▶ **BRIEF**: The lines to transcribe run from the top of the material below to the line with "Row 15 Modern", inclusive. Leave the pictures behind.

▶ **DATA BELOW**:
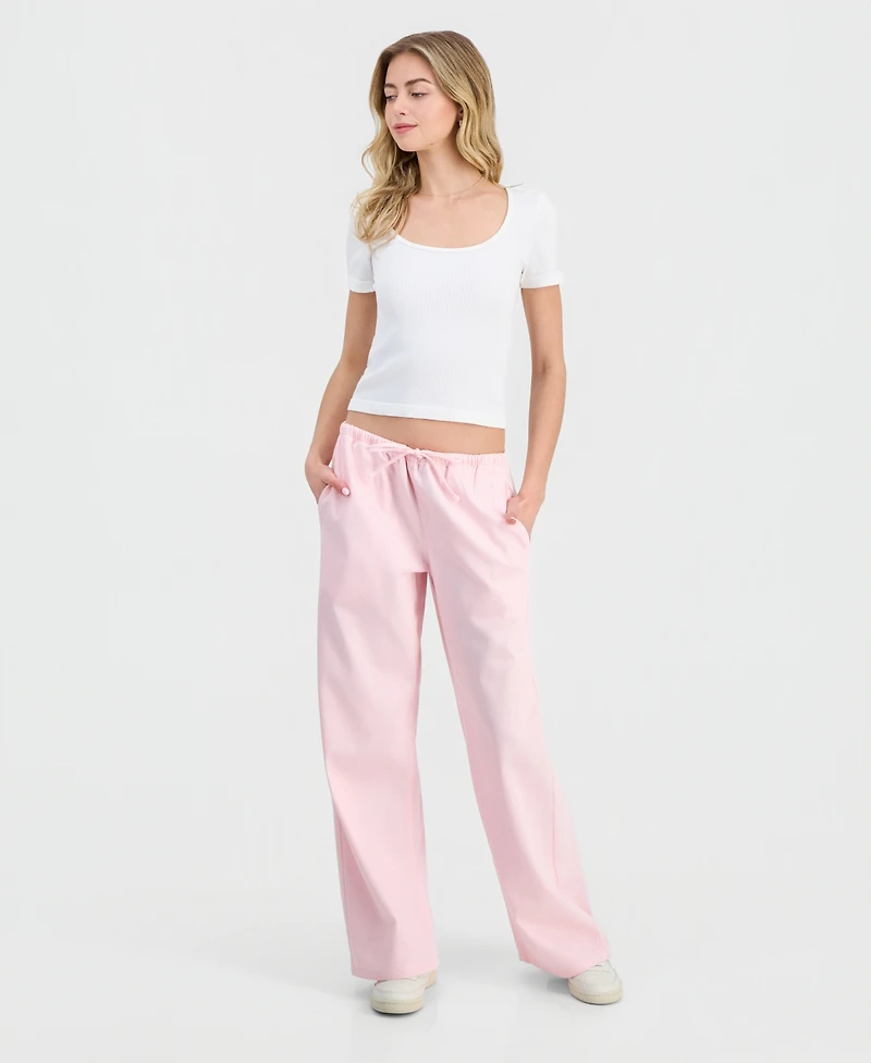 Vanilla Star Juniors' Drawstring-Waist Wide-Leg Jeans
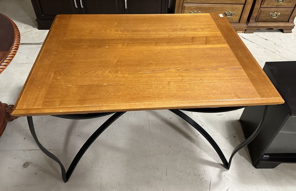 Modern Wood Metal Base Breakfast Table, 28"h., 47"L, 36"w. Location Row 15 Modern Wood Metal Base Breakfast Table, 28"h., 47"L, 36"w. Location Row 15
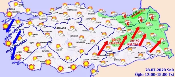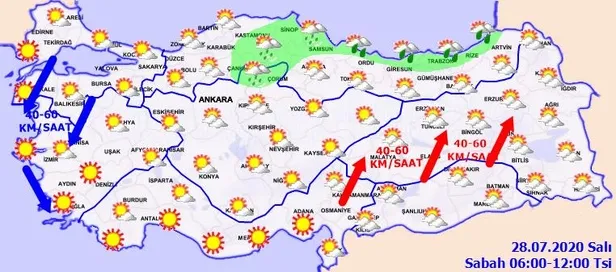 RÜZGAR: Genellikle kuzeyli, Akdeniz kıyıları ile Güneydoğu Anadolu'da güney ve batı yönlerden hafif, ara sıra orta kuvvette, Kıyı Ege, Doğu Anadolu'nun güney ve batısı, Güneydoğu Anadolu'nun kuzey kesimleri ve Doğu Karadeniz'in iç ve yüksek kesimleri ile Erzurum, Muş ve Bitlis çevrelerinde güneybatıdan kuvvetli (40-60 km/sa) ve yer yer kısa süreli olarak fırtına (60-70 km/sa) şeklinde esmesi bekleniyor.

▶ **TASK ANSWER**:
 Vanilla Star Juniors' Drawstring-Waist Wide-Leg Jeans
 Modern Wood Metal Base Breakfast Table, 28"h., 47"L, 36"w. Location Row 15 Modern Wood Metal Base Breakfast Table, 28"h., 47"L, 36"w. Location Row 15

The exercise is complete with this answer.